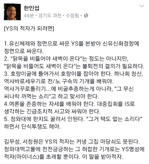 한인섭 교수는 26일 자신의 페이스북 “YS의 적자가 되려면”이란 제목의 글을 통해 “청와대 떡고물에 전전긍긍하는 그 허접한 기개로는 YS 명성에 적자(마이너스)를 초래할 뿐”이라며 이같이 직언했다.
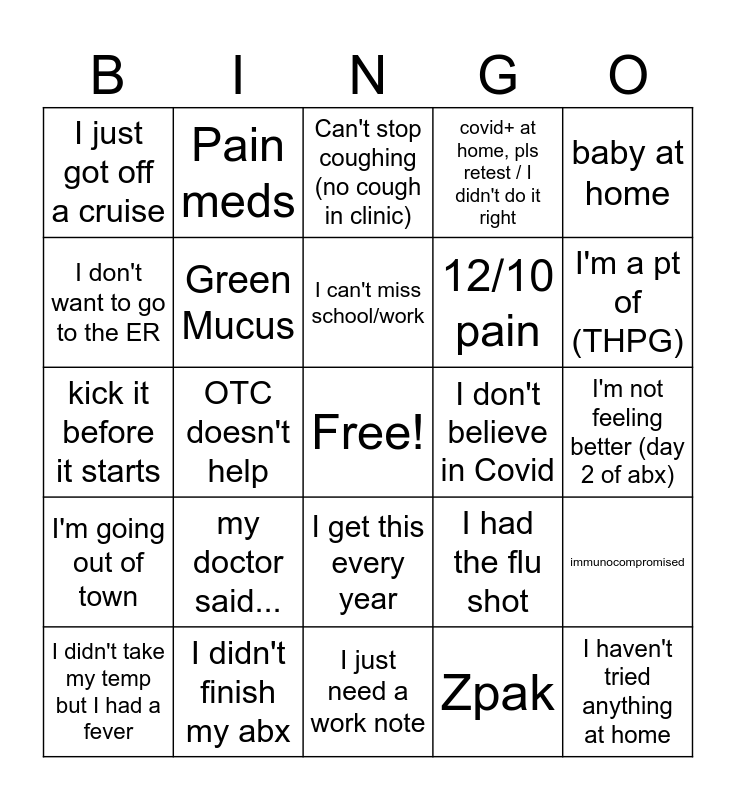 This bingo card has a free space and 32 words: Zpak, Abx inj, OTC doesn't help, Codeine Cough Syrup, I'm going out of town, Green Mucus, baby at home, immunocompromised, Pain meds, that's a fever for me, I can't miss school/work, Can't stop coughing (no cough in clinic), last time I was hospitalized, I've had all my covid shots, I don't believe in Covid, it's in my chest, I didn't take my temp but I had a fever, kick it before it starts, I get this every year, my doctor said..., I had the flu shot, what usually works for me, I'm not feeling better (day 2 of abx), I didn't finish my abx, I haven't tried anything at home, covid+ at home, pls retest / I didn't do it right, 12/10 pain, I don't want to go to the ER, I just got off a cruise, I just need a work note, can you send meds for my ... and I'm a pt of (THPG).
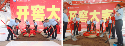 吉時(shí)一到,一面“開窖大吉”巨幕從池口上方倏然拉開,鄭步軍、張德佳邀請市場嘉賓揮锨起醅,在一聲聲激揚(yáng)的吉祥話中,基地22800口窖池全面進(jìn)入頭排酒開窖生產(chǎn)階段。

☆ ☆ ☆ ☆ ☆ ☆ ☆

— Exercise details —
An exact copy of every line above, minus the pictures, is the required output.

— Task result —
 한인섭 교수는 26일 자신의 페이스북 “YS의 적자가 되려면”이란 제목의 글을 통해 “청와대 떡고물에 전전긍긍하는 그 허접한 기개로는 YS 명성에 적자(마이너스)를 초래할 뿐”이라며 이같이 직언했다.
 This bingo card has a free space and 32 words: Zpak, Abx inj, OTC doesn't help, Codeine Cough Syrup, I'm going out of town, Green Mucus, baby at home, immunocompromised, Pain meds, that's a fever for me, I can't miss school/work, Can't stop coughing (no cough in clinic), last time I was hospitalized, I've had all my covid shots, I don't believe in Covid, it's in my chest, I didn't take my temp but I had a fever, kick it before it starts, I get this every year, my doctor said..., I had the flu shot, what usually works for me, I'm not feeling better (day 2 of abx), I didn't finish my abx, I haven't tried anything at home, covid+ at home, pls retest / I didn't do it right, 12/10 pain, I don't want to go to the ER, I just got off a cruise, I just need a work note, can you send meds for my ... and I'm a pt of (THPG).
 吉時(shí)一到,一面“開窖大吉”巨幕從池口上方倏然拉開,鄭步軍、張德佳邀請市場嘉賓揮锨起醅,在一聲聲激揚(yáng)的吉祥話中,基地22800口窖池全面進(jìn)入頭排酒開窖生產(chǎn)階段。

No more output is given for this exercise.